Vast coastal erosion threatens Bali shorelines

Regional administrations face the gigantic task of tackling the continuing erosion that threatens the island’s already damaged shorelines and coastal areas…

I Wayan Geredeg, regent of Karangasem, complained that his administration is running out of funds to solve the critical coastal erosion problem, which has eroded an 87-kilometer length of shoreline along Candidasa, Ujung and Amed beaches.

The three beaches have become favored tourist attractions attracting thousands of water sports lovers from around the world.

Data at the provincial environment agency showed that in 2010, erosion had affected all of the shorelines of Denpasar, Gianyar, Karangasem and Jembrana. Out of the island’s total 437-kilometer shoreline, 102 kilometers have been damaged by sea erosion.

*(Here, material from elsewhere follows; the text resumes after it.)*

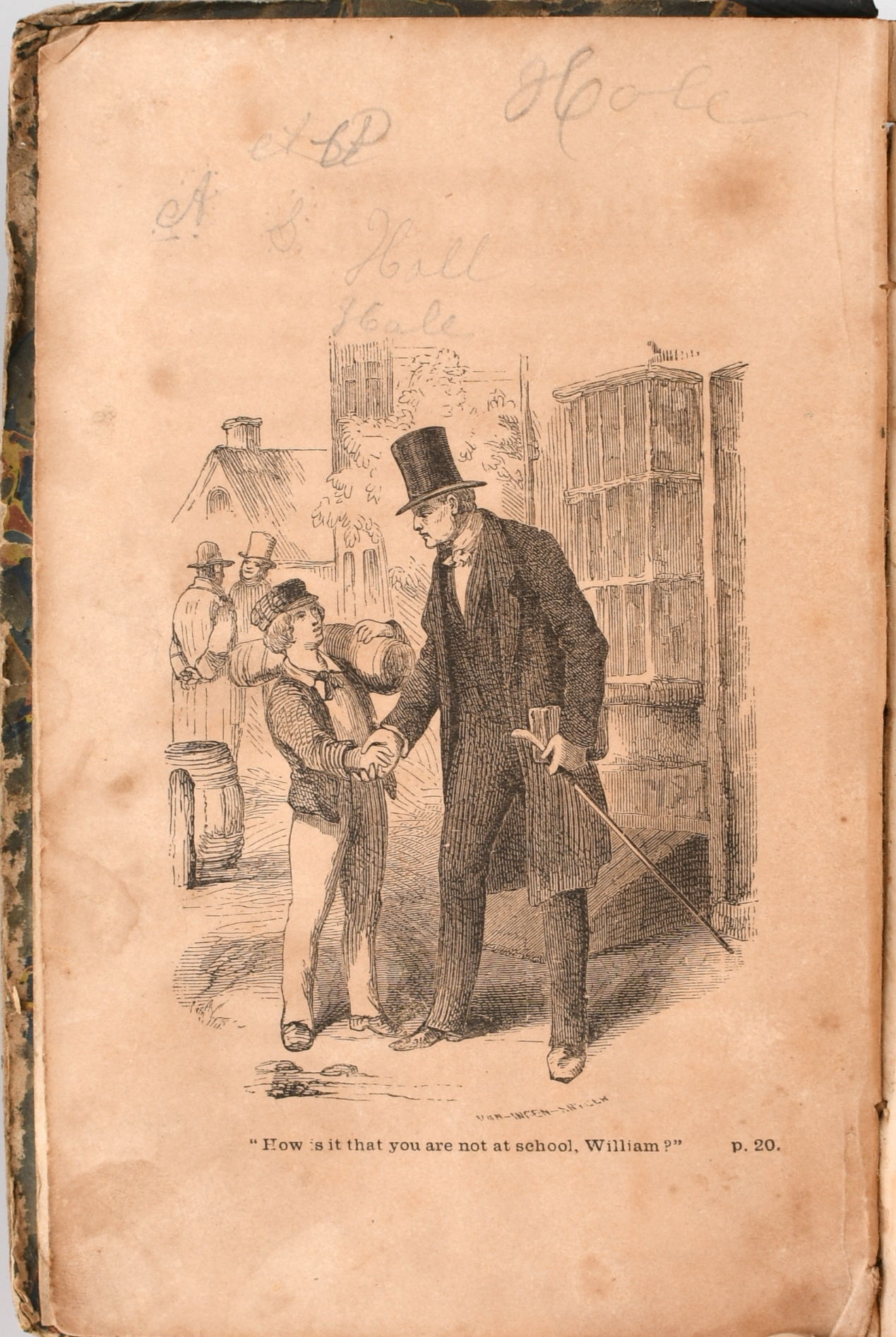 Philadelphia: Presbyterian Board of Publication, 1856. Quarter Leather. Good binding. 16mo.; quarter black morocco over marbled boards; [2],- 108 pages, with frontispiece "How is that you are not at school, William?"; a worn copy with contemporary ownership marks and scribbles; Sunday School presentation label on the pastedown mostly effaced; worn with stains and foxing.~~The pseudonymous edifying works for children are by the evangelical Anglican Bishop of Liverpool, J. C. [John Charles] Ryle.~~The book is uncommon in commerce and we find but a handful of institutional holdings.~~. Good binding.

A Public Works Ministry survey showed that the island has lost up to 30 percent of its coastline due to environmental degradation and sea erosion. From Tabanan’s 26-kilometer coastline, 10 kilometers had been severely damaged by sea erosion.

Sea erosion is the wearing away of land and the removal of beach or dune sediments by wave action, tidal currents, wave currents, or drainage. Waves, generated by storms, winds or fast-moving motor craft, have caused coastal erosion. “We are going to request emergency funds to prevent further erosion of coastal areas,” added Geredeg.

Every year, the provincial government allocates Rp 40 billion (US$4.28 million), taken from the state budget, for coastal rehabilitation programs along Bali’s beaches.

I Gusti Ngurah Raka, an official at the Bali Public Works Office, said that the requested funds for coastal rehabilitation in Bali increased every year.

“In 2012, we are rehabilitating 2,045 meters of coastline,” said Raka.

Funding for Kuta coastal rehabilitation in 2008 reached Rp 335 billion, provided by the provincial government and a Japanese agency.

Jembrana and Gianyar regencies have also asked for more emergency funds for coastal rehabilitation.

The impact of the sea erosion is most visible along the 18-kilometer stretch of shoreline from Ketewel Beach to Lebih Beach in Gianyar regency, both of which used to be popular tourist attractions.